Jesus was not only willing but eager to humble himself before the father, so if there was need for Jesus to humble himself before the father than that should be some sort of an indication of how much we need to humble ourselves before God. I mentioned this in last week’s post, but in the strony Jesus told about the two men who went up to the temple to pray (Luke 18 9-14), the Pharisee and the tax collector, the first man only approached the temple to tell God how awesome he was and list of his own accomplishments while the tax collector instead realized that only God was awesome and that he was a sinner and did the correct thing and admitted his fault before God and said, “Have mercy on me a sinner.” Jesus said the tax collector went away justified where the Pharisee did not.  

Some of the time when I am faced with some type of temptation, the thought of prayer crosses my mind, as it rightly should, but I don’t always do the right thing when I realize my need for prayer. Sometimes I don’t pray for help in escaping the temptation because I want to prove that I can do it on my own, which always ends up with me proving the exact opposite. At other times I don’t pray for deliverance when I am tempted because, if I am honest, I don’t; actually want to be delivered from the temptation at that moment, even though I hate myself for giving in to the temptations, the carnal side of me doesn’t want me to pray because it knows that if I do then I would be delivered from the temptation and would not participate in whatever temporary pleasure I would gain from the sin. Sometimes we blame God for not delivering us when we never gave him the chance. 

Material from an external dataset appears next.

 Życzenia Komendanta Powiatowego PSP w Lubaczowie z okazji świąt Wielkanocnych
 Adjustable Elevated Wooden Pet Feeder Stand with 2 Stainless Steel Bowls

The Bible tells us that “No temptation has overtaken you except what is common to mankind. And God is faithful; he will not let you be tempted beyond what you can bear. But when tempted, he will also provide a way out so that you can endure it,” (1 Corinthians 10:13). If anyone says they were tempted beyond what they could bear they are making God out to be a liar, and if they were to examine the situation in an honest way they would see that God provided a way to escape but they ran from God headlong toward the sin. While it is good to pray to God and ask for forgiveness for sinning, it is far better to pray the very instant we find we are tempted instead of avoiding God and allowing the temptations to grow to the point where we can no longer resist them. 

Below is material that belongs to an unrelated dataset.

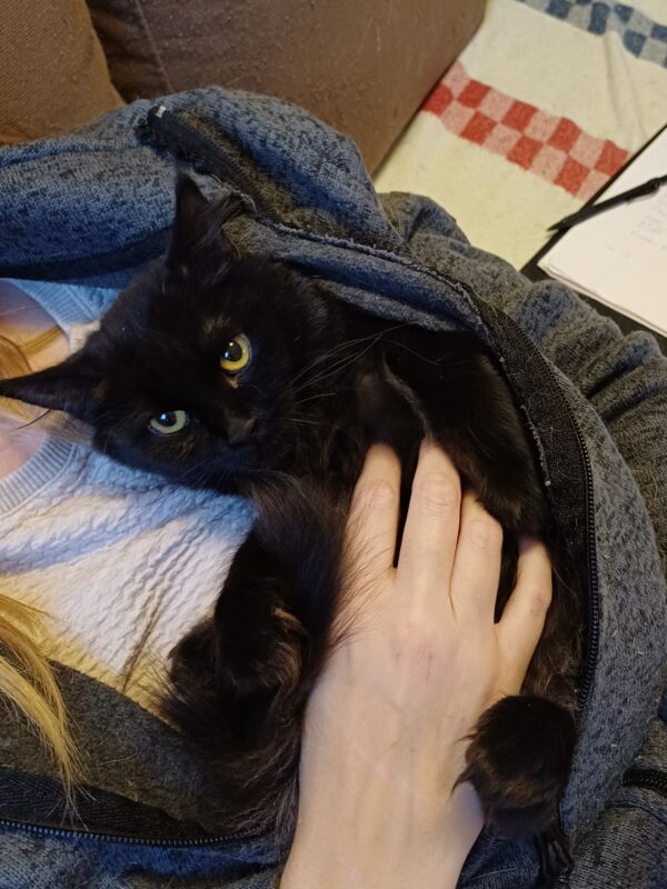 Ballerina kom till oss med flera andra från en större kattkoloni. Hon har därmed varit lite skygg och tyckt att vi människor är lite läskiga, men även om hon låter lite fräsigt så är hon ett riktigt kurrmonster som älskar att gosa så mycket att hon dregglar.

The other major reason many people find it difficult to pray is that their faith is weak, and the longer we go without praying the weaker our faith will become. The more we pray, regardless of whether or not we see immediate or obvious answers to our prayers or not, the more faith we will have. It is difficult to have a relationship with a person when we don’t talk to them, and it is not a good relationship if we only talk to them when we need something. I would strongly suggest, and I strive to do this myself with varying levels of success, that we talk to God all throughout the day and not just the morning or nightly prayer, and not just asking for things. We should also tell God what is going on in our lives, not because he doesn’t know but because it will increase our faith in God and will help us to have a lot better relationship with him. I talk to my mother all the time, and not just when I think she can help me with something, I talk to my mother all the time about the most mundane things, and we have a great relationship. I sometimes think, “God doesn’t want to hear about that,” or “God doesn’t care about that, but according to Jesus, not one hair falls from out heads without God knowing and caring about it. If God takes notice of the random hair that I loose than he certainly cares about my day at work, what I am struggling with, the things I am excited about and the rest of my daily life. 

God is good all of the time, but if we only approach God when we need something and then complain because we did not get what we think we deserved than we are not allowing ourselves to know the goodness of God or the richness of his love for us.